Ve ilk kez yaşamımda bu değin çok üşüdüm, dostlarımı özlemle anarken. Islaklaşması çoğalan gökyüzü altında eve dönerken, limanım olan odama çıkıp, masamın başına geçiyorum. Siyah beyaz fotoğraflar avuçlarıma doluyor.Fotoğrafların sahiplerinin isimleri odamın içinde . Can arkadaşım Çiçek Şener'in fotoğrafına bakarken, gözyaşlarımı tutamıyorum. Birden paltomu giyip, kendimi ikinci kez sokağa atıyorum. Gözlerimden akan yaşı aldırmadan kente yakışmayan sokakları dolaşıyorum. Kahvelerin önünde oturan bir iki yaşlı bilmediğim dilleriyle konuşurken, kendimi iyiden iyiye yalnız hissediyorum.
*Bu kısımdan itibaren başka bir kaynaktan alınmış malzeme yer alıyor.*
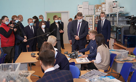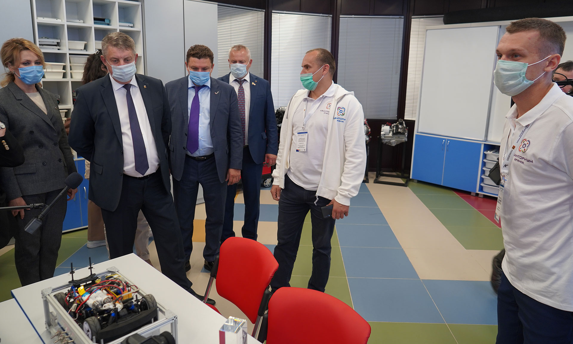 Продолжается работа и по созданию учреждений дополнительного образования. Александр Богомаз пообщался с педагогами и ребятами, посещающими детский технопарк «Кванториум». Он был открыт в декабре 2019 года. На реализацию этого образовательного проекта бюджет направил 191,5 млн рублей, из которых 103 млн рублей — на закупку высокотехнологичного оборудования и материалов.

Durakda , yolcu bekleyen şoför, sevgilisine sarılmış gence bakarken başını sallıyor . Sinema önünden geçerken de afişlerin isimleri ilgimi çekiyor. Afişin birinde “mutluluk”, diğerinde “yaşamın kıyısında” kocaman kocaman yazılmış.

Yürüdükçe toprağa, taşa, gülümsemesini unutmuş insanlara bir kez daha bakıyorum Spil'in doruklarında ki 'kar'a gözlerim takılırken, birden Yahya Kemal'in “KAR MUSİKİLERİ” şiiri dizeleri yoldaşım oluyor:

Bin yıldan uzun bir gecenin bestesidir bu,
Bin yıl sürecek zannedilen kar sesidir bu.

Bir kuytu manastırda dualar gibi gamlı…
Yüzlerce ağızdan koro halinde deamlı.

Bir erguvan ahengi yayılamta derinden,
Duydumsa da zevk almadım ıslav kederinden

Zihnim bu şehirden, bu devirden çok uzakta,
Tanburi Cemil Bey çalıyor eski plakta.

Birdenbire mes'udum işitmek hevesiyle,

Gönlüm dolu İstanbul'un en özlü sesiyle.

Sandım ki uzaklaştı yağan kar ve karanlık,

Uykumda bütün bir gece körfezdeyim artık.